J’ai relevé également quelques maladresses pour coller à l’histoire mais rien de bien gênant. Dans l’ensemble c’est un très bon roman policier avec lequel j’ai passé un excellent moment lecture.

Je remercie J’ai lu pour cette lecture.

S.T.A.G.S. tome 1 – Partie de chasse – M. A. Bennett

♦ Éditeur : Bayard
♦ Nombre de pages : 379
♦ Date de parution :  21 novembre 2018
♦ Prix : 17,90€
Achat: Amazon

Résumé : Meurtrière. Mais sans avoir l’intention de tuer.
J’ai donc des circonstances atténuantes.
Et avant que vous ne perdiez toute compassion, je n’ai pas donné la mort de mes propres mains. Nous étions en groupe. Comme dans une chasse à courre.
D’abord, je dois vous parler de mon lycée. Tout part de là. STAGS est la plus vieille école d’Angleterre. La partie la plus ancienne date de 683…
Et puis, bien sûr, il y a Henry de Warlencourt.
Vous avez peut-être entendu parler de lui sur le Net ? Ou alors vous avez vu sa photo aux infos ? Personne n’aurait pu imaginer quel monstre il était.
Moi non plus.
Jusqu’à ce que je reçoive l’Invitation…

Mon avis : Le résumé m’a intrigué, l’atmosphère avec quelques mots avait déjà l’air très pesante et j’ai eu envie d’en savoir plus.

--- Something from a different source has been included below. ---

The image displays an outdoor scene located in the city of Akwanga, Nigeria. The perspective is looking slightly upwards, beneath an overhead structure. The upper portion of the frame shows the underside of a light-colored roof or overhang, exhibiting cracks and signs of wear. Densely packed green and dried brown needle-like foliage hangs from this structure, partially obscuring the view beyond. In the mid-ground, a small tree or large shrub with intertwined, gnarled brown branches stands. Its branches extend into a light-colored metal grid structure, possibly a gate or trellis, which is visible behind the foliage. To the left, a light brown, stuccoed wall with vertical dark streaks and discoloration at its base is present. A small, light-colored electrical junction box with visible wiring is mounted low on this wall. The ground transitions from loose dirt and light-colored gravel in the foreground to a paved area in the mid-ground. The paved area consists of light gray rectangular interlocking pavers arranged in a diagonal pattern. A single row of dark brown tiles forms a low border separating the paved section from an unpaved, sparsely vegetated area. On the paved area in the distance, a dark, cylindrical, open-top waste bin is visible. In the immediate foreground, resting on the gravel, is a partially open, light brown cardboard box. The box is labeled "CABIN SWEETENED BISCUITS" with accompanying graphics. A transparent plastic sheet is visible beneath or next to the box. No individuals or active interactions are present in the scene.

Greer est boursière dans une école privée très guindée dans laquelle a du mal à se faire des amis. Mais tout pourrait changer après la réception de cette mystérieuse invitation à une partie de chasse.

Je me suis assez vite laissée porter par l’histoire de Greer (même si je dois avouer que j’ai eu du mal avec son prénom – je ne sais d’ailleurs toujours pas comment cela se prononce). C’est un personnage simple, actuel auquel on s’attache vite. Son (début) d’histoire est plutôt classique, mais c’est ensuite que cela devient assez fou !
L’école est vraiment glauque, je pense que j’aurais eu beaucoup de mal à m’y faire, mais avec un petit effort, je m’y serais habituée. Par contre, j’aurais eu beaucoup plus de mal avec les autres élèves. J’ai beaucoup de mal avec le genre ados hautains et suffisants grâce à l’argent de papa-maman. J’ai admiré la patience de Greer.
Pour ce qui est de l’histoire elle est très oppressante. Rien n’est vraiment étonnant, on s’attend à tout ce qui arrive à Greer et ses futurs amis, mais ce qui est marquant c’est l’ambiance décrite par l’auteure. On navigue toujours avec un degrés de malaise plus ou moins important.
J’ai toutefois été un peu déçue par la fin de l’histoire que j’avais vu venir… Je l’ai donc trouvé un peu facile. Heureusement tout cela a été rattrapé par les toutes dernières pages qui mènent au tome suivant que j’ai hâte de découvrir.

Je remercie Bayard pour cette lecture.